Professor Catherine Darker (Trinity College Dublin) is Professor of Health Services Research and a Chartered Health Psychologist with over two decades of experience in implementation science, behavioural medicine, and health services research. She coordinates Ireland’s first Postgraduate Certificate in Implementation Science, leading national capacity‑building in implementation theory, frameworks, and evaluation methods. Professor Darker has secured more than €3.7 million in competitive funding across 19 studies, including the HRB VISTA Programme (2023–2027) and the HRB Evidence for Policy INsPIRE project (2025–2028).

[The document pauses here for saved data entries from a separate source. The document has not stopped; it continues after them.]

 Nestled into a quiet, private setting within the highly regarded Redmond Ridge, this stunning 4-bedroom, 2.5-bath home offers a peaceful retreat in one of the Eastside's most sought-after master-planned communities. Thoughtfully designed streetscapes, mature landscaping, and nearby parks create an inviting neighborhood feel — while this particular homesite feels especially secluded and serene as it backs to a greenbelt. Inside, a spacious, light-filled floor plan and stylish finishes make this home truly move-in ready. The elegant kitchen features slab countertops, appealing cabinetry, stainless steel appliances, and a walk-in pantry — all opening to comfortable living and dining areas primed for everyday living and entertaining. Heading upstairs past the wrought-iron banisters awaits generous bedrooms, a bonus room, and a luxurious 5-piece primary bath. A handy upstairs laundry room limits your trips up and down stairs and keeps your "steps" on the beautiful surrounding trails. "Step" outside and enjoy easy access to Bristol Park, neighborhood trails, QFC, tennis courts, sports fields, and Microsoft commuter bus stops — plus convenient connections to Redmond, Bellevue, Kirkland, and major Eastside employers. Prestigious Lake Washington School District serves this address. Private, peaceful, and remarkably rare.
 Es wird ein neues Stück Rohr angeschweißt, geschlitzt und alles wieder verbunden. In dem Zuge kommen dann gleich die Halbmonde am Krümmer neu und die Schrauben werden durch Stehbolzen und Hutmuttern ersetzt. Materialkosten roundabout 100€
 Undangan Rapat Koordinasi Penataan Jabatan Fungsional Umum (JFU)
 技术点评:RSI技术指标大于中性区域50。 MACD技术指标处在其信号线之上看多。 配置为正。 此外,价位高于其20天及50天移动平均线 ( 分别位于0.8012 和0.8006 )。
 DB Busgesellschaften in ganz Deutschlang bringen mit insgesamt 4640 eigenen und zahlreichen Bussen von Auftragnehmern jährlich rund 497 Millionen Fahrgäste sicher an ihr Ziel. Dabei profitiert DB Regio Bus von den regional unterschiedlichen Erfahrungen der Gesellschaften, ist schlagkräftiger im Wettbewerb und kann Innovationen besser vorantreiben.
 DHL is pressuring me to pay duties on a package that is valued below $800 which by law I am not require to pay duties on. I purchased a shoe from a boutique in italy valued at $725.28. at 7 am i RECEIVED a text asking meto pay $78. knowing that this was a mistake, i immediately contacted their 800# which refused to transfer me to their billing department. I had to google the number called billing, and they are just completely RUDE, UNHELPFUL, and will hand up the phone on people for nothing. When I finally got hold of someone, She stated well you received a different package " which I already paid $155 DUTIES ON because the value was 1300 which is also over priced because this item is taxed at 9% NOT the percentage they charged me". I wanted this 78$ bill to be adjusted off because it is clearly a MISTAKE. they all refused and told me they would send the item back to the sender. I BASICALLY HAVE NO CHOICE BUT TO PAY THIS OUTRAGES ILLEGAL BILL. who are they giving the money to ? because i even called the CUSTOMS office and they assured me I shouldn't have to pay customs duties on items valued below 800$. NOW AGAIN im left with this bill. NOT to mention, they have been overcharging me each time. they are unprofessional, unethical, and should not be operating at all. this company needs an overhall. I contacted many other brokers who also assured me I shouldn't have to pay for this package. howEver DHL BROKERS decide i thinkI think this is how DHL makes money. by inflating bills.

She has led HSE‑funded process evaluations of National Clinical Programmes and the Early Intervention in Psychosis Model of Care, applying CFIR and ERIC frameworks to Irish service contexts. With over 100 peer‑reviewed publications, senior‑author contributions in leading journals, and invited keynote addresses for the Department of Health and international conferences, she is recognised for advancing theory‑informed implementation and participatory research. Her leadership roles within the European Implementation Collaborative, the Implementation Network of Ireland and Northern Ireland, and editorial boards further evidence her academic standing. In this project, she will co‑develop contextual analysis tools, support participatory co‑design, and ensure findings are translated into actionable blueprints for national scale‑up.
Professor Mary Clarke (RCSI School of Population Health) Professor Clarke has over two decades of engaged psychiatric epidemiology research and leadership. She has been principal investigator on grants totalling €11,316,926 and published over 150 peer-reviewed papers. MC is PI and National Director of the SPHeRE Programme https://www.sphereprogramme.ie/ which was refunded by the HRB in 2022 (€6 million, 2022-2030). The programme has to-date graduated 129 PhD students and will have graduated an additional 60+ PhD students by 2030. SPHeRE alumni have gone on to play key roles in the population health, policy and health services system in Ireland. Professor Clarke has supervised 9 PhDs to completion across the disciplines of psychiatry, psychology, epidemiology, social work, biostatistics and currently supervises 4 PhD students in public health, psychology, psychiatry, occupational therapy. MC has also supervised a number of postdoctoral students who have successfully stayed in academia and gained tenured positions.
Together, Dr. Maddock, Professor Darker and Professor Clarke provide complementary expertise in clinical practice, housing and mental health policy, implementation science, psychiatric epidemiology and health services research. Their combined supervision guarantees that the project will remain methodologically rigorous, policy‑relevant, and grounded in best practice, while offering the Scholar exceptional mentorship and training opportunities.